The older style Burly trailer hitch was sort of a glass fiber composite sorta clamp thing that wedged into the rear triangle around the rear dropout area. Not sure it will work with disc brakes or a FS frame, tho. Mine wouldn't fit my TItus RacerX29er frame or my Motobecane Fantom 29er frame (with semi-Breezer style dropouts).


----------



## itsdoable (Jan 6, 2004)

Try a Chariot QR, they are extra long for that purpose. Burly probably makes a longer one too....


----------



## Plum (Sep 14, 2004)

itsdoable said:


> Try a Chariot QR, they are extra long for that purpose. Burly probably makes a longer one too....


Also look for Tandem QR's, 145mm is a common spacing for those. I believe Salsa makes a specific tandem set, if you're looking for a matching set.

Plum


----------



## pwu_1 (Nov 19, 2007)

You might want to do some research on hooking up the trailer to 29er bikes since I don't think they are designed for it.
The bigger diameter wheel will raise the mounting point on the hitch, which may or may not make the trailer unstable at speed due to weight being shifted towards the back of the trailer. It might work ok if you are able to replace the wheels on the Burley so that you preserve the angle of the hitch arm.


----------



## Lumbee1 (Dec 16, 2004)

This might work for me. It is an extra long QR adapter designed for adding a rack to a bicycle that doesn't have mount point for a rear rack. It even includes spacers to be used on each side. I could probably shorten the QR axle and use only the spacers necessary to clear the dropout cup on my bike. At $33 shipped, it is quite expensive.
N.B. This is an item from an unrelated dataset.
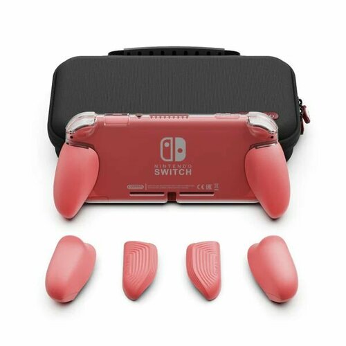 Комплект: Защитный чехол "GripCase" + Защитный кейс "MaxCarry" Skull & Co для Nintendo Switch Lite со сменными рукоятками (3 пары), цвет Розовый (Coral)

https://www.therandonneeshop.com/products/show/52-quick_release_rear_rack_mounting_system


----------



## Lumbee1 (Dec 16, 2004)

REI has the Chariot version QR kit with the EZ hitch mount for $30.


----------



## tk1971 (Aug 10, 2007)

This is what pimbot was talking about:

https://www.burleygear.com/PhotoGallery.asp?ProductCode=960001










Doesn't work with my full sus though. Works with my hardtail.


----------



## Lumbee1 (Dec 16, 2004)

The device pimpbot was talking about already broke on the original owner. Burley sent the owner the new forged aluminum hitch that attaches to the QR. With two Surly tugnuts, I didn't have enough threads left to install the hitch as well so I needed an extra long QR and a spacer to avoid hitting the frame.
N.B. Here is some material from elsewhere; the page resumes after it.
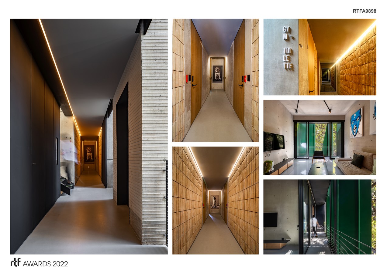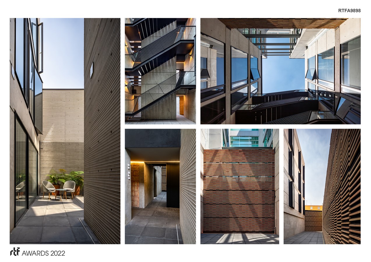 The material quality of ARX was a design premise. Apparent concrete with different finishes make up the building. Some smoothed with butt joints and others in the elevator shaft are planked and change color in different levels of the building. In the interior, smoothed cast-in-place concrete coexists with a local and handcrafted clay brick veneer.

And I did it with the Chariot EZ hitch from REI and a nylon spacer. The combo works great and is very secure.
http://www.rei.com/product/710349

Now, I have a new problem. The stinger on the Burley D'lite ends at the midpoint of the trailer. When the trailer is attached to the bike, the trailer is offset to the left by about 6 to 8 inches. First, is this normal and are all the Burley trailers like this? Second, is there a different stinger that I could install that would correct the offset?


----------



## tk1971 (Aug 10, 2007)

Lumbee1 said:


> Now, I have a new problem. The stinger on the Burley D'lite ends at the midpoint of the trailer. When the trailer is attached to the bike, the trailer is offset to the left by about 6 to 8 inches. First, is this normal and are all the Burley trailers like this? Second, is there a different stinger that I could install that would correct the offset?
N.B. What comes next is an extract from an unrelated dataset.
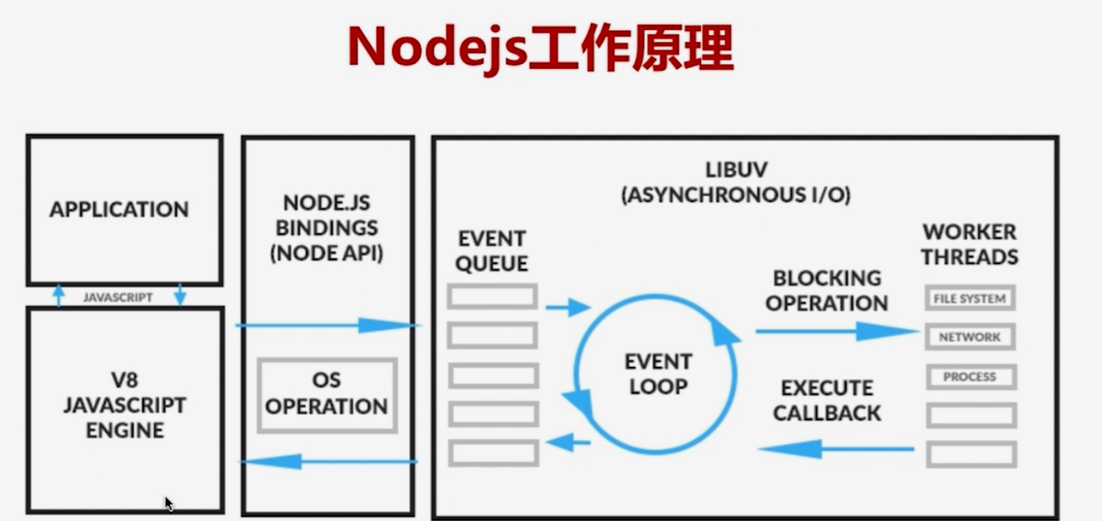 首先自己开发的APPLICATION(自己开发的JS程序)输出给V8引擎,解析后的二进制文件调用NODE API,然后调用LIBUV事件处理库(插入到事件队列,在队列中不断循环处理事件)。

Got a pic? I wasn't aware a Burley has a stinger...


----------



## HardyWeinberg (Aug 3, 2007)

Have you tried the 'alternative hitch'? It works on my pugsley which might have the same dropout as your SS 29er (although I am only using one tugnut, I still have a lot of thread left over, on the regular length one, although they do tandem length too)


----------



## HardyWeinberg (Aug 3, 2007)

not to be confused with the 'classic hitch' (that goes into the triangle) or the other one that you just slide over your QR (which we also use on other bikes)


----------



## jewels (Mar 17, 2004)

Q. Why does my trailer tow off to the side of my bicycle?

A. Burley has aligned the hitch along the centerline of the trailer and not along the centerline of the bike. This allows the trailer to track straight and makes towing a Burley trailer easier. If the trailer was designed to pull directly behind the bike with the centerline of the trailer aligned with the centerline of the bike, the hitch would have to angle to left side of the trailer to hook to the bike. This would make the trailer want to constantly drift out and the trailer would not track in a straight line.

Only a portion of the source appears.